TASK OBJECTIVE
Would you copy out only the lines from the one with "Рис. 11. Поховання дитини." to the end of the records, exactly as they stand?

-------- RECORDS

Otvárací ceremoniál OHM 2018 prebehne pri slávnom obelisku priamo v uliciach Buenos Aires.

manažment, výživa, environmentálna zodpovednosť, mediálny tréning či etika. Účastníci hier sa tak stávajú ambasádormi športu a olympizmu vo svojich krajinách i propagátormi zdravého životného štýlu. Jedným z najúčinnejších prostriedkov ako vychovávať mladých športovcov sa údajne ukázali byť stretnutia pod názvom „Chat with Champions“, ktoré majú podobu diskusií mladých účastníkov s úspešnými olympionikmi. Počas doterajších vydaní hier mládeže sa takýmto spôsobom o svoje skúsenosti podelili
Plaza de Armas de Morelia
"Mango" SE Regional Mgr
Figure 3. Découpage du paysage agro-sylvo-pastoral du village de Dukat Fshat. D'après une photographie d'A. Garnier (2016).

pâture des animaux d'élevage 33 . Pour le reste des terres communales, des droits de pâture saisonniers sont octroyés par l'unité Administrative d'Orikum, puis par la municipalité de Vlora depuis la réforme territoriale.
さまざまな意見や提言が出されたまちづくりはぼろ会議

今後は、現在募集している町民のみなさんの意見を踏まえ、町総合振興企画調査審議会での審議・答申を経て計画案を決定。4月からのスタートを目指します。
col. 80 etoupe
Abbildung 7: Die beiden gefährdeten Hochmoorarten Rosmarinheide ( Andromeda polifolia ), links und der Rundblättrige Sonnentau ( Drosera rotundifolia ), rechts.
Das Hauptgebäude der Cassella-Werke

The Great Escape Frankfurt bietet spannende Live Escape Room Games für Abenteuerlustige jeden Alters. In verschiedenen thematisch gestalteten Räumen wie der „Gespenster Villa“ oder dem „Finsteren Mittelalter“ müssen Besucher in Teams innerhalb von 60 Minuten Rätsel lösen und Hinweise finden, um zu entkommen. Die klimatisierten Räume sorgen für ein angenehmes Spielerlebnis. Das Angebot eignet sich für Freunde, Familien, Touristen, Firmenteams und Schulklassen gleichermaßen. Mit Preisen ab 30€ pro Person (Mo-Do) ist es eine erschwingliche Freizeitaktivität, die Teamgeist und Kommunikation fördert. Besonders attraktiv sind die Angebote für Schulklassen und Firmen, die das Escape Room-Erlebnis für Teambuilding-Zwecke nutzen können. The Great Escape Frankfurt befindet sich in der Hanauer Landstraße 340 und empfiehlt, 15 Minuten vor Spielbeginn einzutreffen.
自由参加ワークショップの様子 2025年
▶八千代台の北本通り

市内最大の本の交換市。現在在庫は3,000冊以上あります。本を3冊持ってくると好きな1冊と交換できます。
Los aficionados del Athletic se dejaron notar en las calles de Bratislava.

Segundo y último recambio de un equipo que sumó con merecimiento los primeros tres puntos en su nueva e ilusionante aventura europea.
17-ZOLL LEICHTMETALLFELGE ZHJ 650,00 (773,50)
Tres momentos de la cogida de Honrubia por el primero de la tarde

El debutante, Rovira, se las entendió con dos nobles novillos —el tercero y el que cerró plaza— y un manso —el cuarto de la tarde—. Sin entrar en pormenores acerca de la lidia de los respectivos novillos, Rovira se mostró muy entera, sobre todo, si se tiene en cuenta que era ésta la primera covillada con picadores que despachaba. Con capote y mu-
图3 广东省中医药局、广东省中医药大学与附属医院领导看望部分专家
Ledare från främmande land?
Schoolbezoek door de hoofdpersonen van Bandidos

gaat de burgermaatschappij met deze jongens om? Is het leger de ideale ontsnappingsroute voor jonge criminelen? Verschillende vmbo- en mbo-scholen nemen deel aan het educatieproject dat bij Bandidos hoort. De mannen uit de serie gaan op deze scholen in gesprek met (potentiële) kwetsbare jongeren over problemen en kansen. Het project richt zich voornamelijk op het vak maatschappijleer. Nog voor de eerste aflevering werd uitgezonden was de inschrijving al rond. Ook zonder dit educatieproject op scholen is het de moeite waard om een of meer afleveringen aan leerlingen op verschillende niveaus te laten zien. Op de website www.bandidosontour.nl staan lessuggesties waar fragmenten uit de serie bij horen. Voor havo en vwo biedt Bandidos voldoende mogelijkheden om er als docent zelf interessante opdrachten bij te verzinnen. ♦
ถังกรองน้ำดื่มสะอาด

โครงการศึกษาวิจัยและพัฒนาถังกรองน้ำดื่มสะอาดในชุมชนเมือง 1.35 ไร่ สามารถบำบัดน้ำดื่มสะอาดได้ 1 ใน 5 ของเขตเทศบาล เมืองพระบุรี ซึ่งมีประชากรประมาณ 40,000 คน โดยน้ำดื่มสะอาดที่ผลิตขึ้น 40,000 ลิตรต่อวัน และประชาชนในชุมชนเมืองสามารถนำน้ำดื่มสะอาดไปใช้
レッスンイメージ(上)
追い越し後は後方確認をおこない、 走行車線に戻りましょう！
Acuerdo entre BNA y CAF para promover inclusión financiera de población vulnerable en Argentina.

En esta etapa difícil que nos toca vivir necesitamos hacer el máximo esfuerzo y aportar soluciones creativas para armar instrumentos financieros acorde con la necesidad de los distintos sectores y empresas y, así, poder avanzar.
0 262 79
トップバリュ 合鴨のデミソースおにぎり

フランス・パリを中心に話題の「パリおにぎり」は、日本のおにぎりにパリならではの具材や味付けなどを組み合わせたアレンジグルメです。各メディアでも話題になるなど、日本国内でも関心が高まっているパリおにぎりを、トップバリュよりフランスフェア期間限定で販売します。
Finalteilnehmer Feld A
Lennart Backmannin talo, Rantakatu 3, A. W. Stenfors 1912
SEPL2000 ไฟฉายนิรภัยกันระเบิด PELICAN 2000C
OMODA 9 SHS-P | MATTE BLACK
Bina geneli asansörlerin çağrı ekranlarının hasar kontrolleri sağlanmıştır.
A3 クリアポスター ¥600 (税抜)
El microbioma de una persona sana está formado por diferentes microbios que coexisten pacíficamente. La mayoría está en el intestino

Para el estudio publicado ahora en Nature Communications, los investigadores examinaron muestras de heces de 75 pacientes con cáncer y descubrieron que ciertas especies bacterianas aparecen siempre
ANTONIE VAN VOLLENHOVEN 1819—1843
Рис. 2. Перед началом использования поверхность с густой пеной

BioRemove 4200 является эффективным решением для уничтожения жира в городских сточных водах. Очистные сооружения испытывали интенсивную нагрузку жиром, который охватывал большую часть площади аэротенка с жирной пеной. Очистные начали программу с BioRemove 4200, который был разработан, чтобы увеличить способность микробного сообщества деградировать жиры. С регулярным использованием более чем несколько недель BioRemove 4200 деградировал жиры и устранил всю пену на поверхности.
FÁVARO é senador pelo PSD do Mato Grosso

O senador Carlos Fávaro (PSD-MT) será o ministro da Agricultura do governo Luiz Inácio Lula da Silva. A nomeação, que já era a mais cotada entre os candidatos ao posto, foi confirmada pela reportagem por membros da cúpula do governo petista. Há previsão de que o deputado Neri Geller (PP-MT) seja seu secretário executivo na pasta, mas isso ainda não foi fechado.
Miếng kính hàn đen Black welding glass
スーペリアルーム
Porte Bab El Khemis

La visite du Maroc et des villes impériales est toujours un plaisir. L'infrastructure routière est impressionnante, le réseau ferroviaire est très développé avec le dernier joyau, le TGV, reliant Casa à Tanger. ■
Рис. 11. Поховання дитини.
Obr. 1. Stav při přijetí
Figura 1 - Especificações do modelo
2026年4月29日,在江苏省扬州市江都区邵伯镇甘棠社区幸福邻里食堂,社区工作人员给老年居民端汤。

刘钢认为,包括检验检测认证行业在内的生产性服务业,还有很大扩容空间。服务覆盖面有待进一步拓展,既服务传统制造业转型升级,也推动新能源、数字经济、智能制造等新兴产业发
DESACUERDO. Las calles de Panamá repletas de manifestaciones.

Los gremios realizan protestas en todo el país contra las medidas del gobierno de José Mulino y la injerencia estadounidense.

----------------

EXERCISE RESULT
Рис. 11. Поховання дитини.
Obr. 1. Stav při přijetí
Figura 1 - Especificações do modelo
2026年4月29日,在江苏省扬州市江都区邵伯镇甘棠社区幸福邻里食堂,社区工作人员给老年居民端汤。

刘钢认为,包括检验检测认证行业在内的生产性服务业,还有很大扩容空间。服务覆盖面有待进一步拓展,既服务传统制造业转型升级,也推动新能源、数字经济、智能制造等新兴产业发
DESACUERDO. Las calles de Panamá repletas de manifestaciones.

Los gremios realizan protestas en todo el país contra las medidas del gobierno de José Mulino y la injerencia estadounidense.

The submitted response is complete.